Ch. 6 John Brown and Lincoln

"Most of our textbooks say nothing about Lincoln's internal debate. If they did show it, what teaching devices they would become! Students would see that speakers modify their ideas to appease and appeal to different audiences, so we cannot simply take their statements literally" (Loewen 179).

This is true. History textbooks are so boring--the never get to the meat: the details of behind the scenes, what people were really thinking, how it really felt to be in certain situations. Instead, it becomes dry and dull and as students, miss the connections that make those historical events part of our own individual history.

I was actually surprised to here about Lincoln's somewhat "on the fence" approach to the race issue. He is always talked about as one of the greatest presidents because of his achievements to end slavery and racial discrimination. Now I think it was more like luck that the North was winning to influence him to sign the Emancipation Proclamation. I think if the South was winning, perhaps things could have turned out very differently.

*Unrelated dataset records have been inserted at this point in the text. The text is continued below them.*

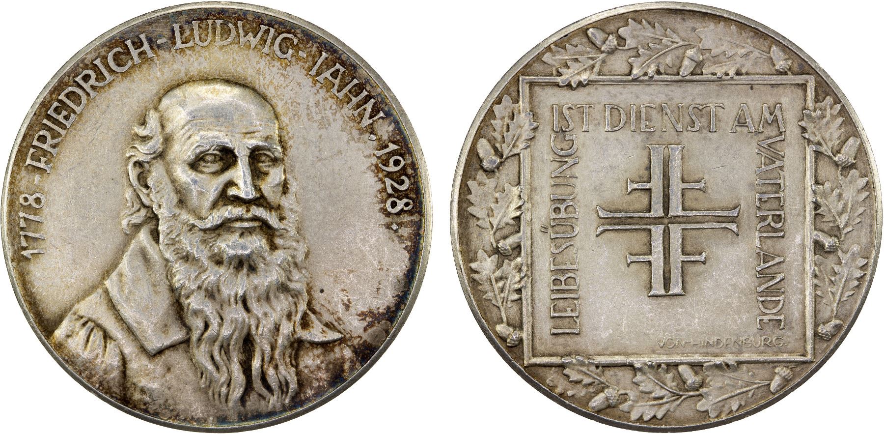 GERMANY: Weimar Republic, AR medal (19.14g), 1928, 36mm unsigned silver medal for the 150th anniversary of Friedrich Ludwig Jahn; 1778 FRIEDRICH LUDWIG JAHN 1928 around bust facing slightly right, wearing coat // LEIBESÜBUNG IST DIENST AM VATERLANDE / VON HINDENBURG legend around "Turnerkreuz" within quadratic plaque; in fields around, oak branches, BAYER. HAUPTMÜNZAMT SILBER 900F on edge. The "Turnerkreuz" is the logo of the German Turner movement of the 19th century and is still used by the Deutscher Turner-Bund (DTB), the umbrella organisation of the german gymnastics societies. It consists of four large F, standing for the motto "Frisch, fromm, fröhlich, frei", arranged in a cross-shaped form.
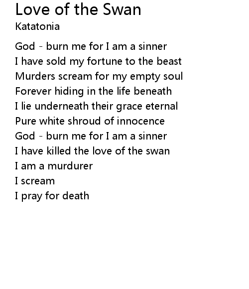 | I have killed the love of the swan | |
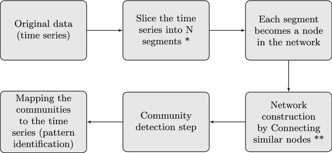 Anghinoni等人[6]展示了一种使用复杂网络工具识别时间序列模式的方法。该方法首先根据时间序列不同片段之间的相关性,将时间序列转换为网络,然后通过网络指标(如模块度)捕获重复层级模式的存在,例如社团检测过程中的模块化。

To see him as a real man gives us a different view. It makes sense though. When we think about how often we all change our mind or develop new philosophies or ideas of what is right and wrong through personal experience or new knowledge, then it is understandable that all of our "heroes" were the same way. And YET, it somehow suits us to put them on a pedestal, dehumanizing them to nothing more than a trophy to represent one fact about them and not the whole picture. I think that if we did hear the whole story and could see the truth about the influence of political rhetoric, we would be more cautious and skeptical about just believing whatever we here. Instead, by remembering only the golden moment, we feel like it is the government or our leaders who have our best interests at heart, as if they know something we don’t. I guess that is the point of re-writing history in this way.